What in the world are the AGs thinking? Granting the benefits (and obligations) of statehood to an area representing 68 square miles out of the total 3.797 million square miles of the United States (or .0018 percent) will bring down the “representative democratic republic?”  Can’t wait to see that presented in court.

The District of Columbia, according to the Republican AGs would be a “super-state that would have primacy over all others.” The AGs seem to have confused the introduction of the Declaration of Independence (”We hold these truths to be self-evident”) with their Trumpian version of reality. A super-state!? An elite ruling class!?
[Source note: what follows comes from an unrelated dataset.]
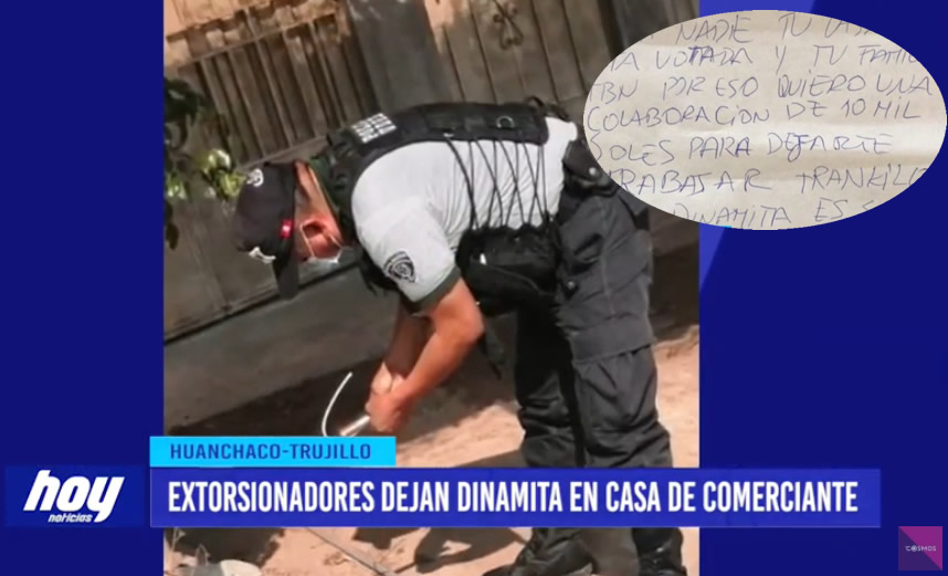 El agraviado de 34 años , manifestó que se asustó cuando encontró el explosivo en su casa del asentamiento humano Víctor Raúl y es por ello que de inmediato pidió apoyo a la policía nacional , pues los delincuentes le dejaron además un manuscrito exigiendo la fuerte cantidad de dinero, en un plazo de 24 horas, de lo contrario iban a ubicarlo porque conocían todos sus pasos, al parecer lo estaban siguiendo, tras ser alertados, agentes de la Unidad de Desactivación de Explosivos (UDEX) llegaron al lugar y neutralizaron el detonante que tenía una mecha de 25 centímetros.
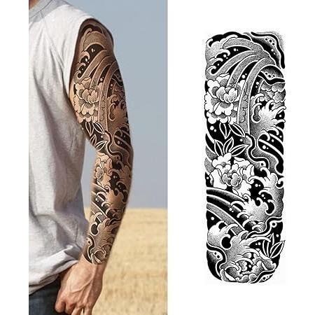 - 【送料無料!タトゥーシール】★蓮花 刺青シール 和柄 フェイクタトゥー 約 14cm×44cm 腕 脚 リアル和彫 防水・耐久性あり! (QB-012)

The AGs next “argument” was put in a footnote, fittingly:

[the legislation] does not address the potential conflict with the requirements that “no new State shall beformed or erected within the Jurisdiction of any other State; nor any State be formed by the Junction of two or more States, or Parts of States, without the Consent of the Legislatures of the States concerned as well as of the Congress.” U.S. Const. art. IV, § 3.

This beyond incoherent. The statute does not take land from other states; it reorganizes the existing land known as the District of Columbia.

Finally, I know I’m skipping some crazy stuff, the AGs object to the provisions granting liberal voting rights to DC residents that may be more voter-friendly than some of the restrictive regimes favored in Republican-dominated states. So what?  Some states have better voting laws than others. Why should the District of Columbia be deprived of the opportunity to have the most vote-friendly system?

At the root of this nonsense is likely an animus against a community with a majority of Black and Brown citizens that tends to vote for Democrats. It is not hard to imagine that if the vast majority of DC residents were white and voted Republican, the Republican AGs would have a different view. No doubt some people with balk at the suggestion that the Republican AGs determination to deny statehood to DC is race-based. If they are right, they should be able to produce better arguments than the sorry stuff of the AGs’ letter.

We have good reason to believe that the Republicans in the Senate will defeat the DC Statehood legislation. Democrats everywhere should take note and understand that the only way real progress is going to be made in the United States is by removing the obstructionist/insurrectionist party from political power.